The 21st Century scramble for Africa

Africa has long held a deep fascination for the developed world. From slavery right up to the colonial scramble for Africa in the 18th and 19th centuries, the continent’s natural wealth has attracted foreign powers and businesses. Now they are again jostling to secure access to the continent’s abundant natural resources and its burgeoning consumer markets and demand for infrastructure. But this modern day scramble for Africa might serve as a trigger for the continent’s slide into the type of lawlessness and political upheaval that could transform it into a global hotspot for terrorism and violent extremism.

Unstable Sahel

A volatile mix of increasing inward investment, growing wealth, demographic change, sprawling urbanisation and weak governments would be a recipe for instability in any country.

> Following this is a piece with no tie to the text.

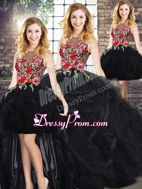 New Style Black Sleeveless Floor Length Embroidery and Ruffles Zipper Quinceanera Gowns
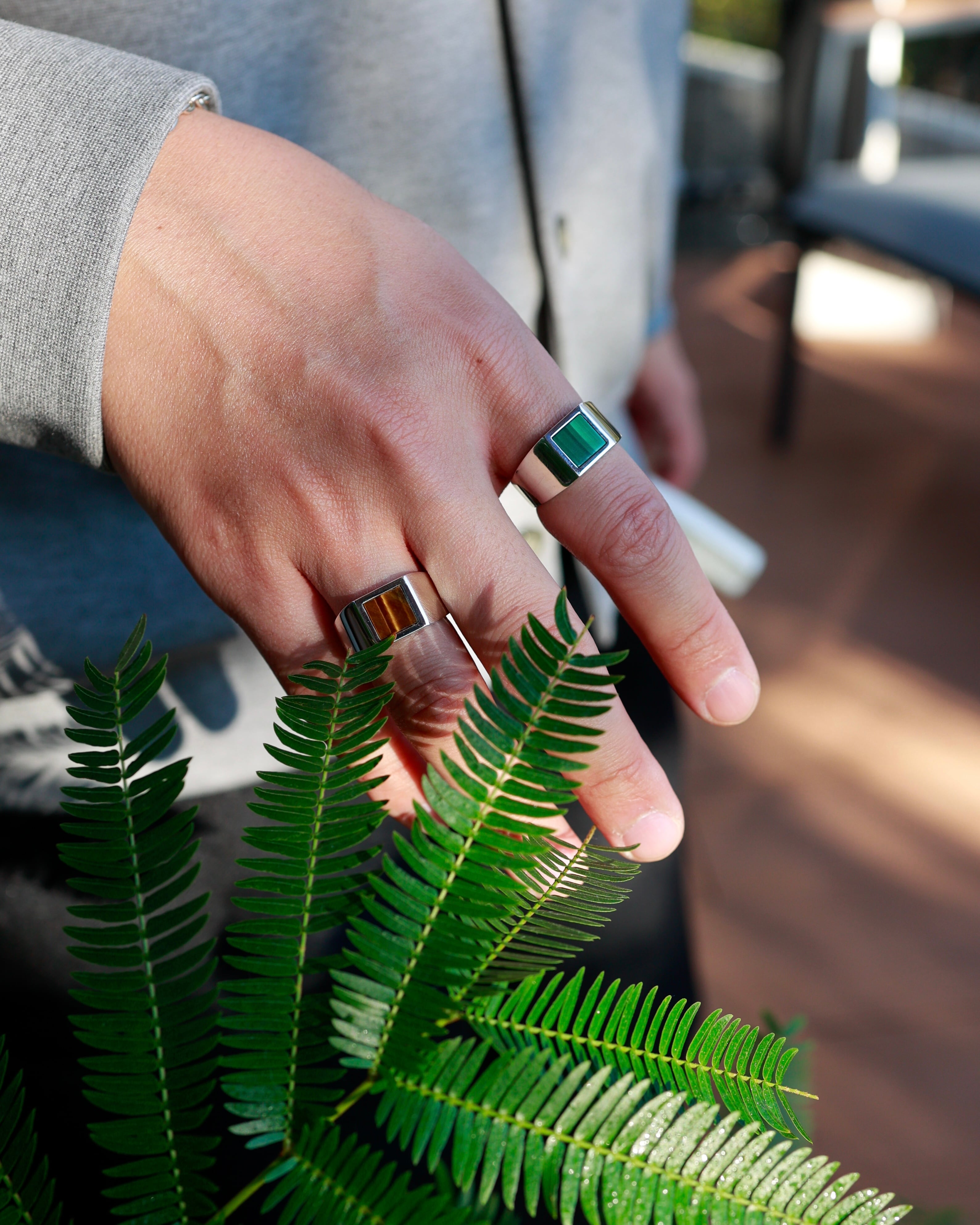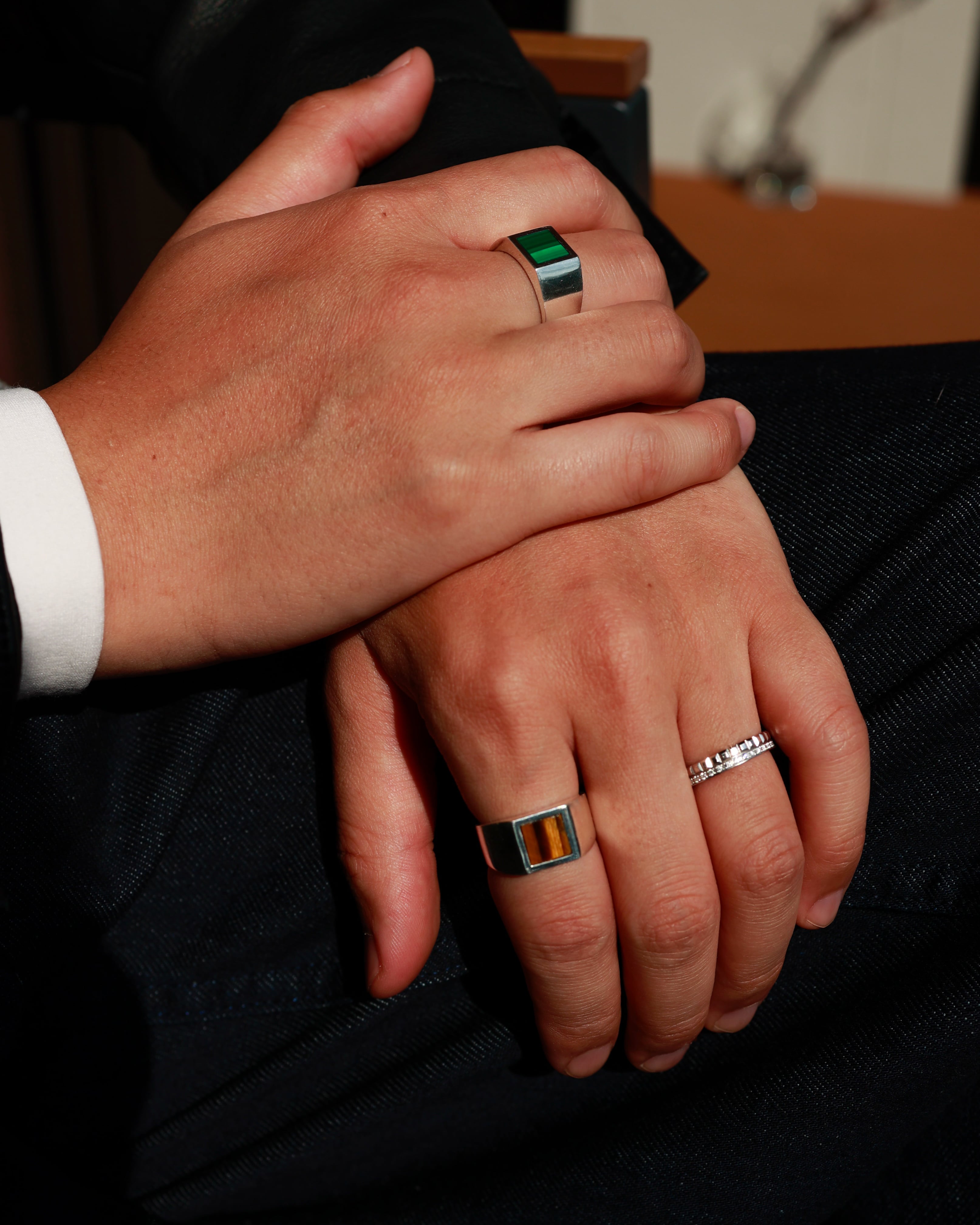 シルバー925製のしっかりとした重みながら、薄めの設計で日常でさりげなく使えるスクエア型のシグネットリング。

Add to that ethnic, tribal, religious and regional tensions, further stoked by an unequal distribution of the new wealth, and it’s no surprise that much of the African continent is proving to be a cause for concern.

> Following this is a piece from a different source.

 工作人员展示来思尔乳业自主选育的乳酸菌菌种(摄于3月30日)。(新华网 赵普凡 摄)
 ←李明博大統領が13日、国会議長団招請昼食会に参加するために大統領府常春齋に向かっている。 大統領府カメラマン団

Mauritania man with folded arms

In particular, the spotlight is falling on the Sahel region – the belt of land, up to 1000km wide that stretches across the north of Africa from the Atlantic to the Red Sea. “This vast swathe of land, stretching from Senegal in the east and including areas of Mauritania, Mali, Algeria, Niger, Chad, Sudan and Eritrea, is almost ungovernable,” says Charlie Hanbury, Special Risks Line Underwriter at Hiscox.

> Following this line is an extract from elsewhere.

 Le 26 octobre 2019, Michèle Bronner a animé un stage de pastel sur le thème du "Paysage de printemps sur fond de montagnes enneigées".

“The borders are porous, many governments have little control and there is a strong history of smuggling throughout the area. For militants and terrorists displaced from the Middle East and Libya, the Sahel is a perfect hiding place and base to launch operations from,” Hanbury says. The region also hosts lucrative drilling and mining operations – from natural gas in south Algeria to uranium in Niger – which further adds to the pressure. The French government has already felt compelled to intervene militarily to remove jihadists who were dominating parts of Mali.

Africa’s problems though are by no means confined to the Sahel. “Where you have countries crafted by colonialism and false borders created without respect to tribal influences, you have issues which are further exacerbated by religious division and political instability,” says Giles Russell, Intelligence and Security Consultant for Hiscox. “South Sudan might have gained its independence, but it has long felt subjugated by the Muslim rulers in the north. Half of Nigeria is Muslim but is currently ruled by a Christian.”

Even where countries have a relatively benign security picture, they border countries in chaos. Kenya, for example, is neighbours with Somalia, while Uganda – another relatively safe country – borders with the Democratic Republic of Congo, which has been in an almost continual war since the late 1990s.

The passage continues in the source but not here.